Exercise instructions: Copy word for word, please, the lines of the entries below running from the one containing "Disk Atma Özelliği: Robot, üzerine" to the one containing "Trong lịch sử, MU", both ends included.

Provided entries:
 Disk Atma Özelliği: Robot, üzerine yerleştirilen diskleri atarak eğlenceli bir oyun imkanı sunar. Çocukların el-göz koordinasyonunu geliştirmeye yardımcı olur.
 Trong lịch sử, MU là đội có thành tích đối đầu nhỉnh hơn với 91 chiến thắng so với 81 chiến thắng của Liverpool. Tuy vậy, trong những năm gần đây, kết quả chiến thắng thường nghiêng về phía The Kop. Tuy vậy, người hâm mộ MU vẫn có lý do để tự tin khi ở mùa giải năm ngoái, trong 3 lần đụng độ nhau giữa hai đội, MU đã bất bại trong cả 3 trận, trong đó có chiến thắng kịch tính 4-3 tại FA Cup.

--

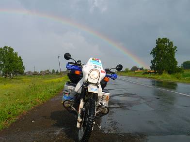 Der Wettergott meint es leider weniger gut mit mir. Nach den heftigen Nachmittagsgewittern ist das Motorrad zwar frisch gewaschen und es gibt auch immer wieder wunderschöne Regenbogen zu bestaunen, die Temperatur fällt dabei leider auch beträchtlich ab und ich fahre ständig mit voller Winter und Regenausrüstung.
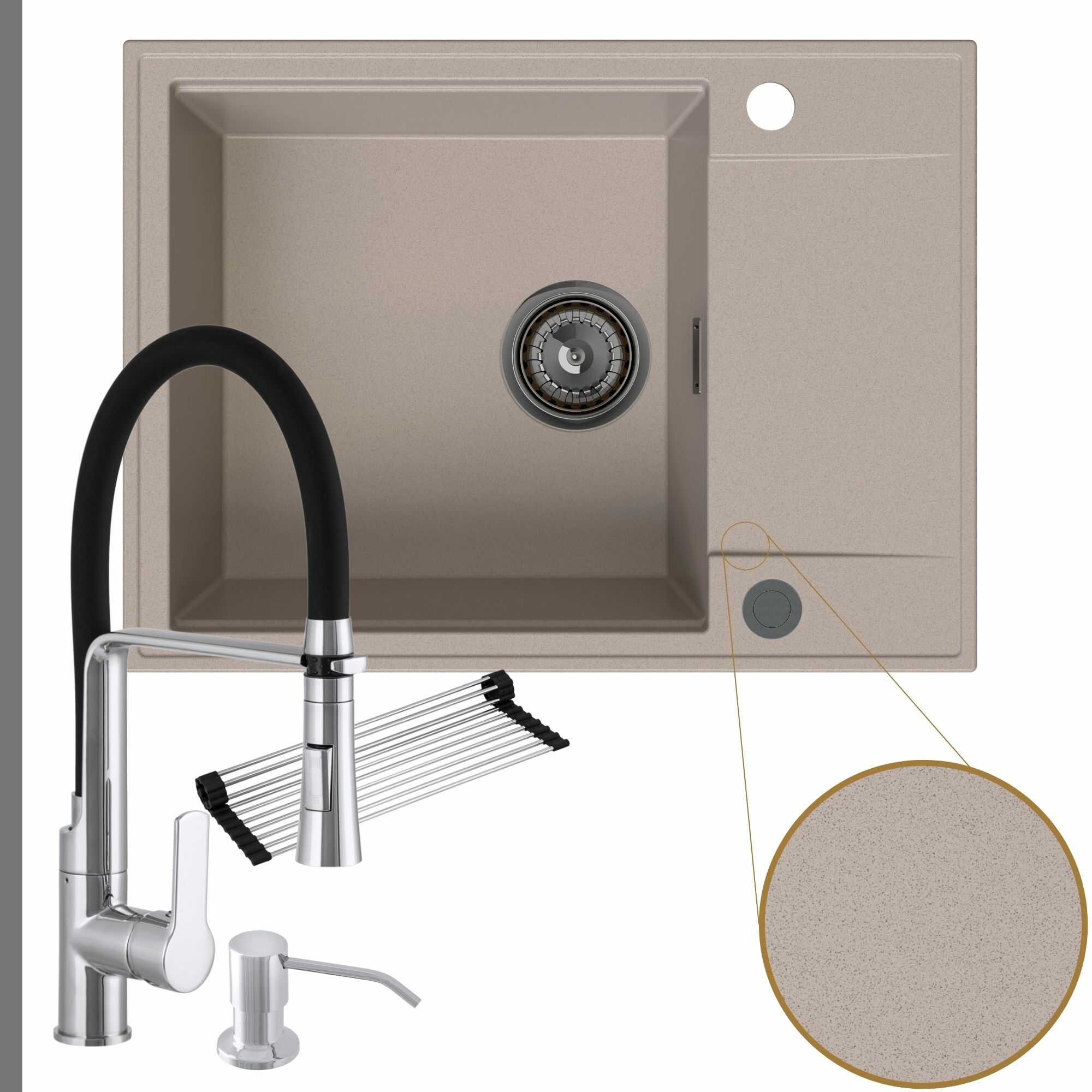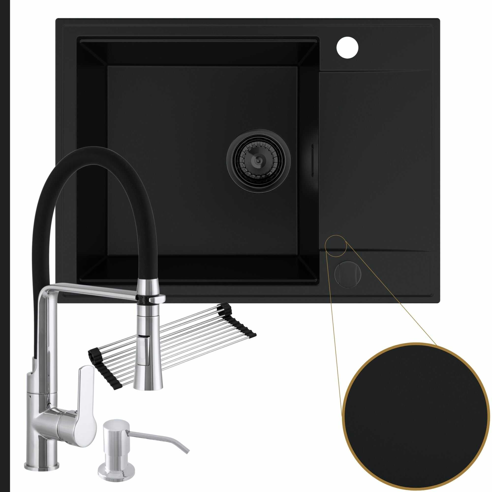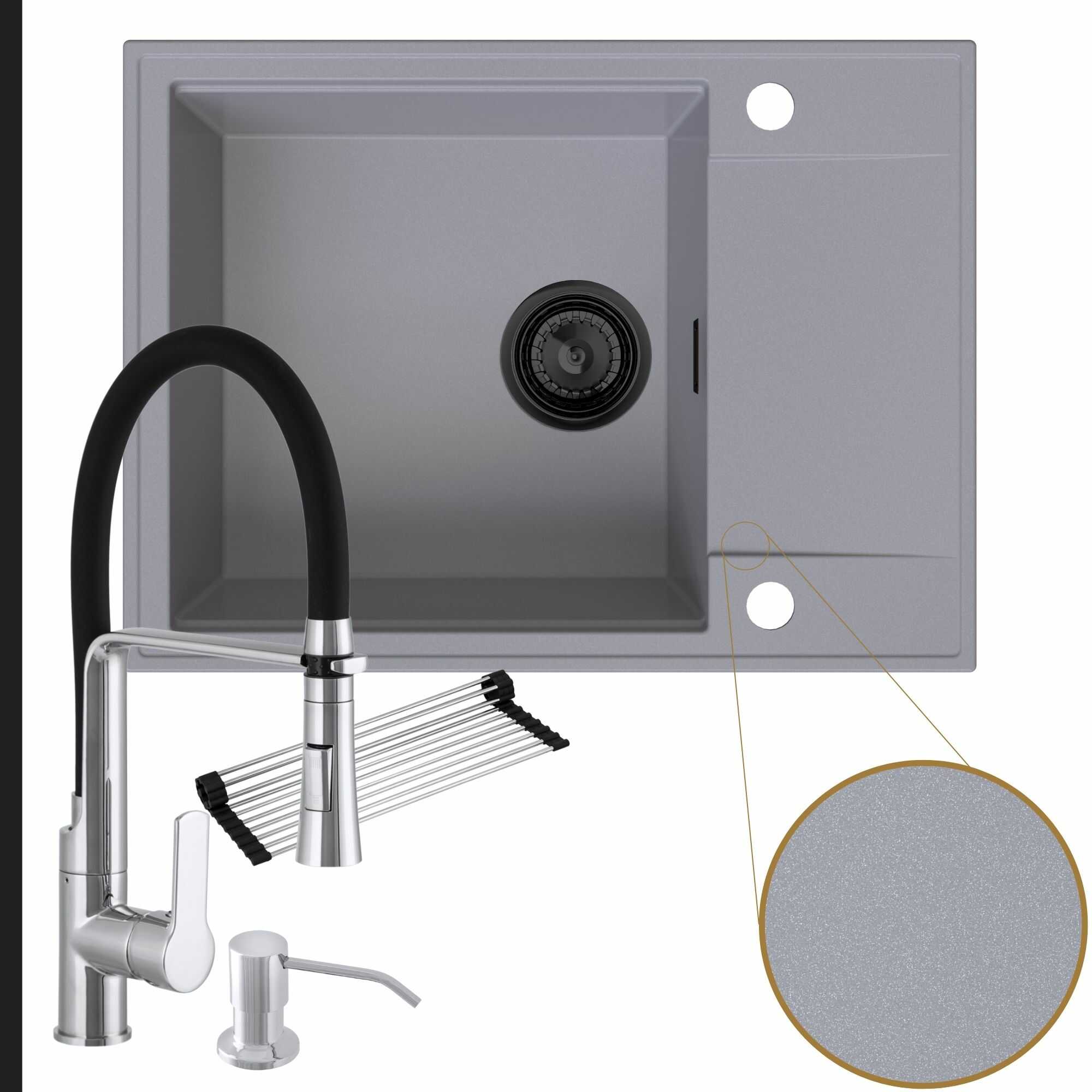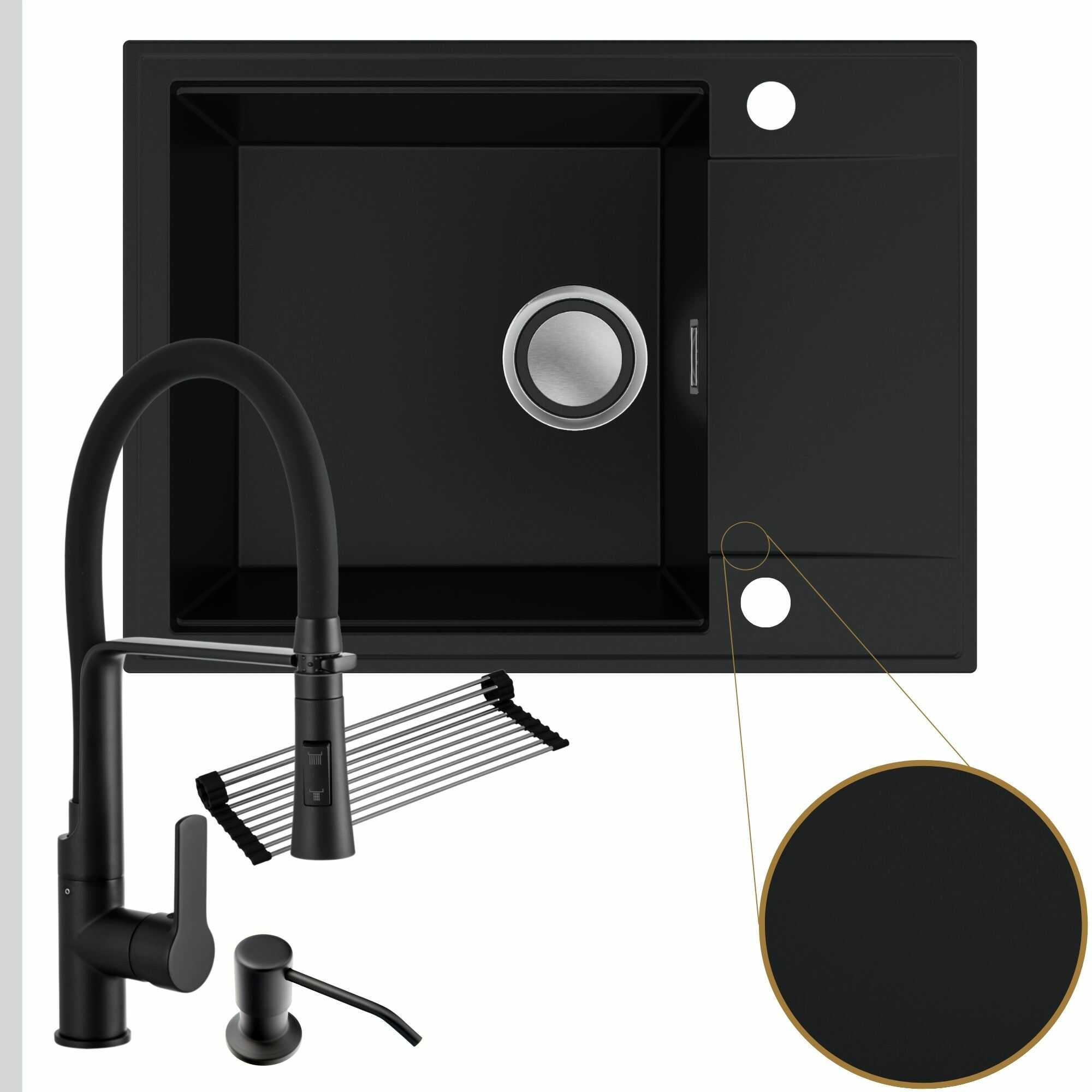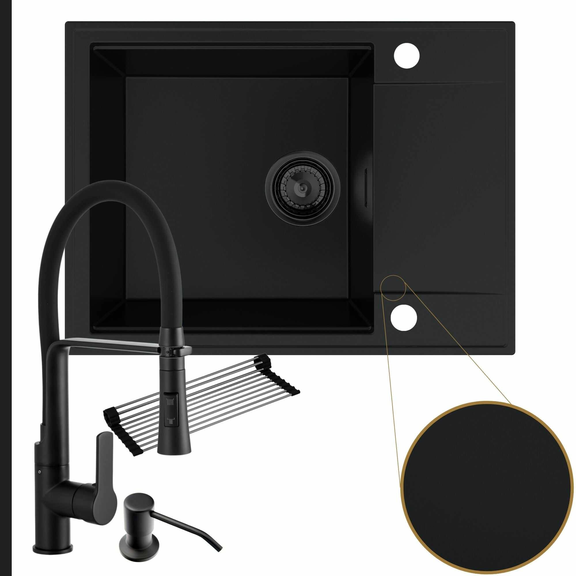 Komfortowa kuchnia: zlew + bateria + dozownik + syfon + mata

Solution below:
 Disk Atma Özelliği: Robot, üzerine yerleştirilen diskleri atarak eğlenceli bir oyun imkanı sunar. Çocukların el-göz koordinasyonunu geliştirmeye yardımcı olur.
 Trong lịch sử, MU là đội có thành tích đối đầu nhỉnh hơn với 91 chiến thắng so với 81 chiến thắng của Liverpool. Tuy vậy, trong những năm gần đây, kết quả chiến thắng thường nghiêng về phía The Kop. Tuy vậy, người hâm mộ MU vẫn có lý do để tự tin khi ở mùa giải năm ngoái, trong 3 lần đụng độ nhau giữa hai đội, MU đã bất bại trong cả 3 trận, trong đó có chiến thắng kịch tính 4-3 tại FA Cup.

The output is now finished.